# Models

## What is a model?

- A “model” is a general specification of relationships among variables. 
    + e.g. a linear regression, such as: $ Price = \beta_1*Time +  \beta_0 (+ \epsilon)$
- A “trained model” is a particular model that has been built using some training data.
    + If the model is **parametric** (like a linear regression), then it has parameters that have been calculated using the training data;
    + If the model is **non-parametric**, then it has (not parameters but) an algorithm that has been constructed using the training data.
    
![Img](https://d1jnx9ba8s6j9r.cloudfront.net/blog/wp-content/uploads/2019/04/Parametric-vs-Non-Parametric-model-Artificial-Intelligence-Interview-Questions-Edureka.png)

## Linear Regression

For two variables $X$ and $Y$, each with $n$ values:

$\Large\sigma_{XY} = \frac{\Sigma^n_{i = 1}(x_i - \mu_x)(y_i - \mu_y)}{n}$ <br/>

`np.cov(X, Y, ddof=0)`

Pearson Correlation:<br/>$\Large r_P = \frac{\Sigma^n_{i = 1}(x_i - \mu_x)(y_i - \mu_y)}{\sqrt{\Sigma^n_{i = 1}(x_i - \mu_x)^2\Sigma^n_{i = 1}(y_i -\mu_y)^2}}$

Note that we are simply standardizing the covariance by the standard deviations of X and Y (the $n$'s cancel!).

`np.corrcoef(X, Y)`

**Where X and Y are lists of X and Y values.**

Similarly, you can use SciPy:<br>
`stats.pearsonr(X, Y)`

### Regression equations

The solution for a simple regression best-fit line is as follows:

- slope: <br/>$\Large m = r_P\frac{\sigma_y}{\sigma_x} = \frac{cov(X, Y)}{var(X)}$

- y-intercept:<br/> $\Large b = \mu_y - m\mu_x$

### Using Stats Model

`sm.formula.ols(formula="y ~ x", data=test_df).fit().summary()` <br>
Where your x:y data is in a dataframe.<br><br>
or with seperate x and y, you can use:<br>
`sm.OLS(y,x)` where y is a dataframe with y values and x is a dataframe with x values.

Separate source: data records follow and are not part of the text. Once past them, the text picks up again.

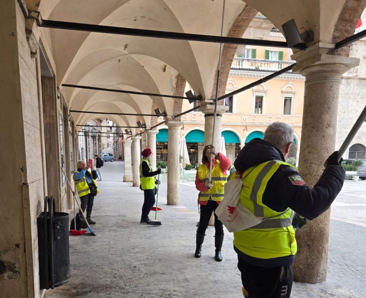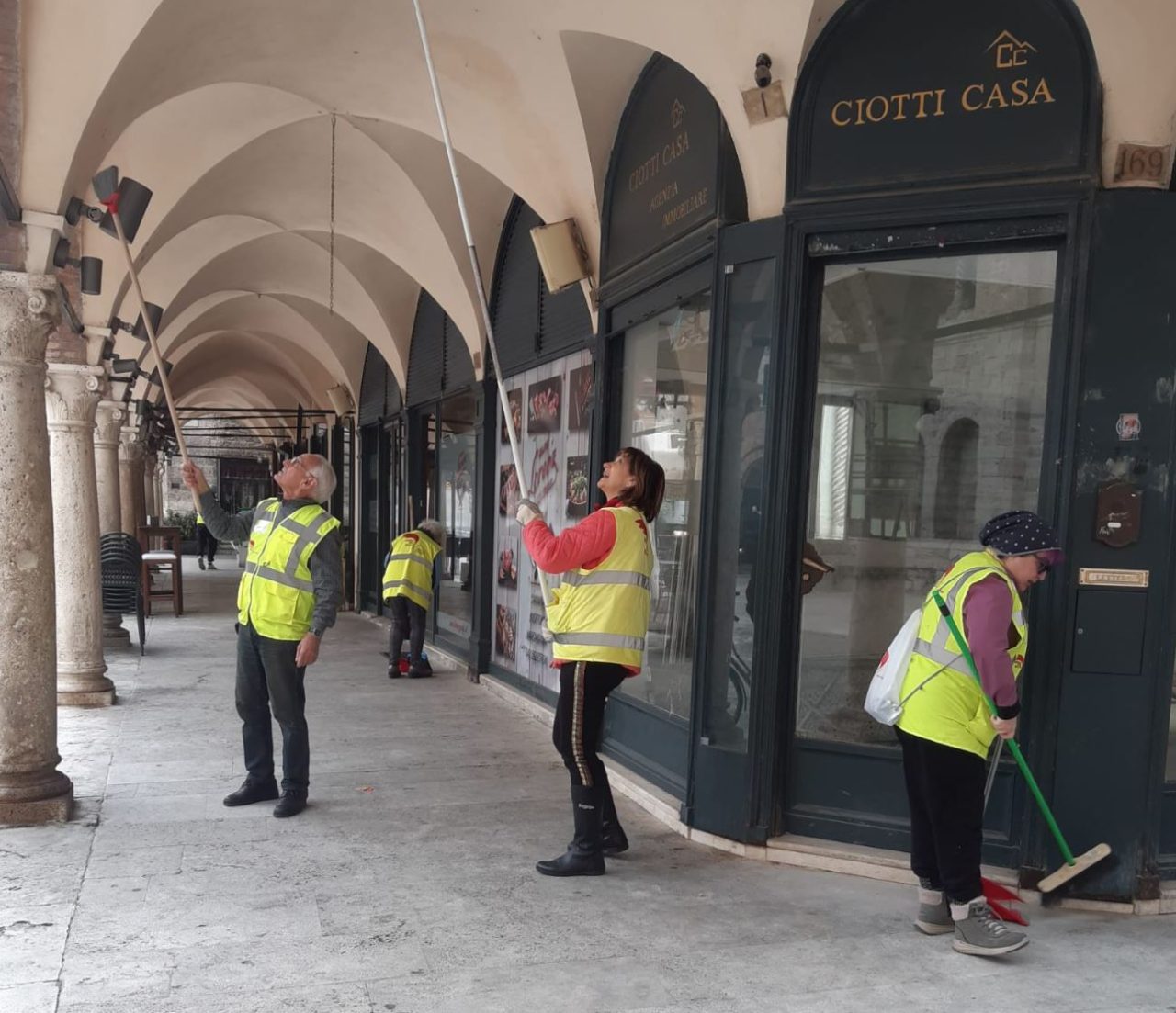 Gli Angeli del Bello colpiscono ancora: dopo essere intervenuti a Porta Cappuccina lo scorso gennaio, i volontari dell’associazione si sono recati, nella prima mattina del 5 marzo, in Piazza del Popolo, dove hanno tirato a lucido il loggiato.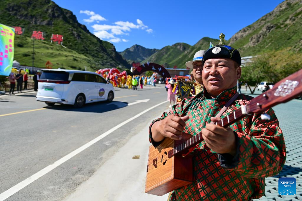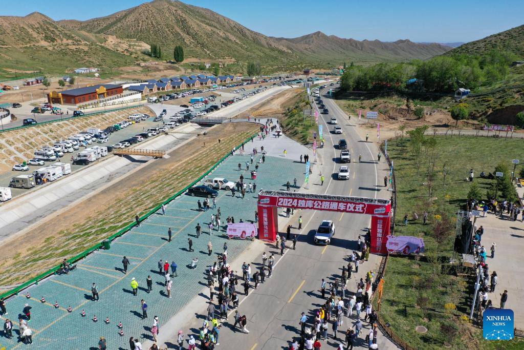 A ceremony marking the resumption of traffic on the Duku Highway is held in Usu City, northwest China's Xinjiang Uygur Autonomous Region, June 1, 2024. (Xinhua/Ding Lei)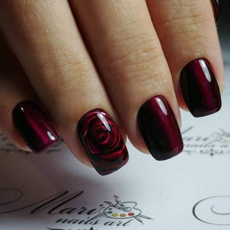 - Красный. Лучше всего выбрать глубокий винный оттенок или же, например, цвет вишня. От алых ярких красных ногтей лучше всего отказаться.
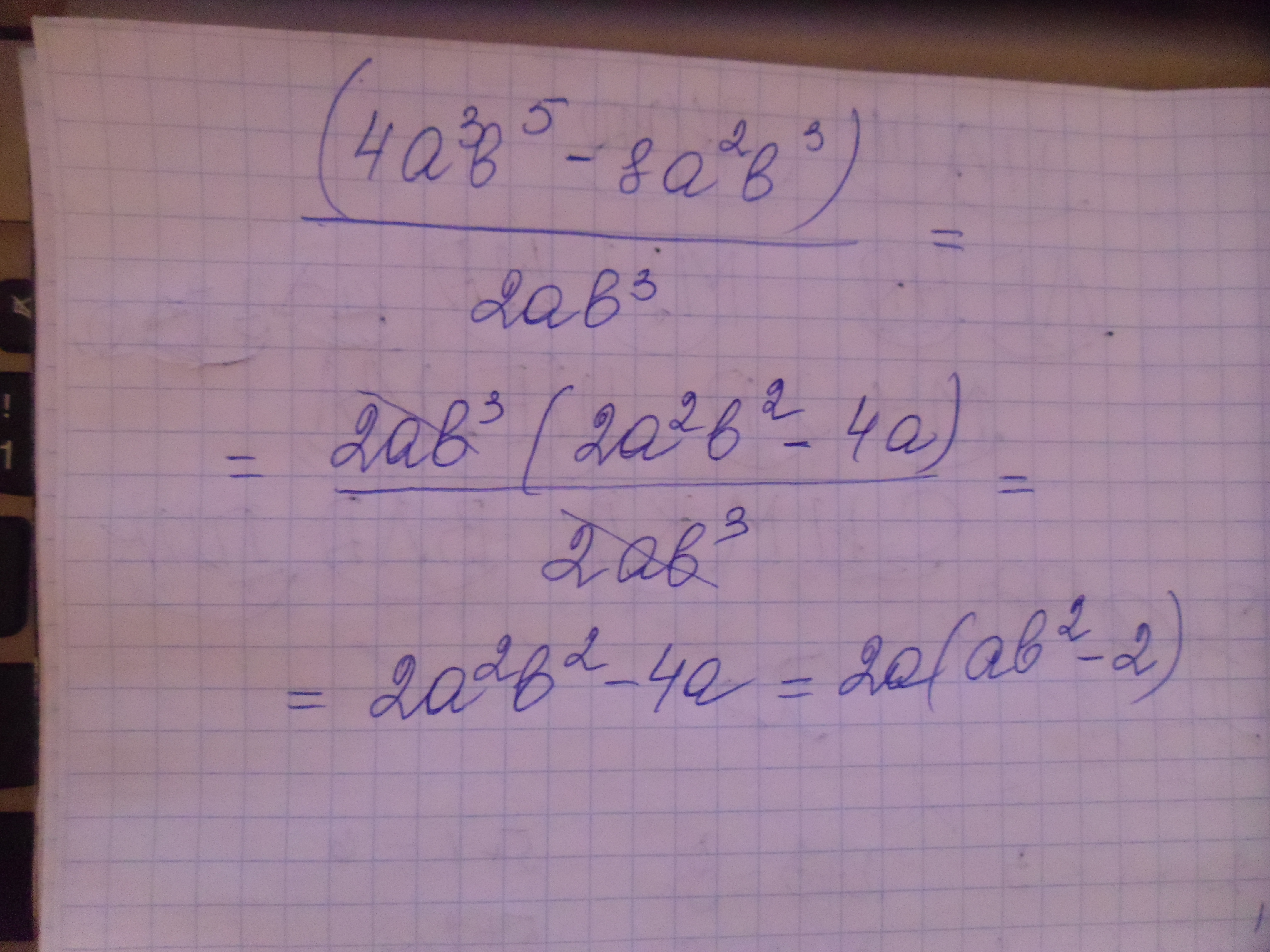 Для успешного выполнения задачи необходимо разделить на одночлен почленно, то есть каждое слагаемое разделить на этот одночлен, то есть первый шаг будет выглядеть так:

Use `sm.add_constant(df[x])` to add a constant column into a new dataframe for x when using `sm.OLS`

### $R^2$

$R^2$, the *coefficient of determination*, is a measure of how well the model fits the data.<br>
How well variation in x explains variation in y.

Interpreted as a percentage of change in y.

"$R^2$ change in Y is explained by change in X"

The actual calculation of $R^2$ is: <br/> $\Large R^2\equiv 1-\frac{\Sigma_i(y_i - \hat{y}_i)^2}{\Sigma_i(y_i - \bar{y})^2}$.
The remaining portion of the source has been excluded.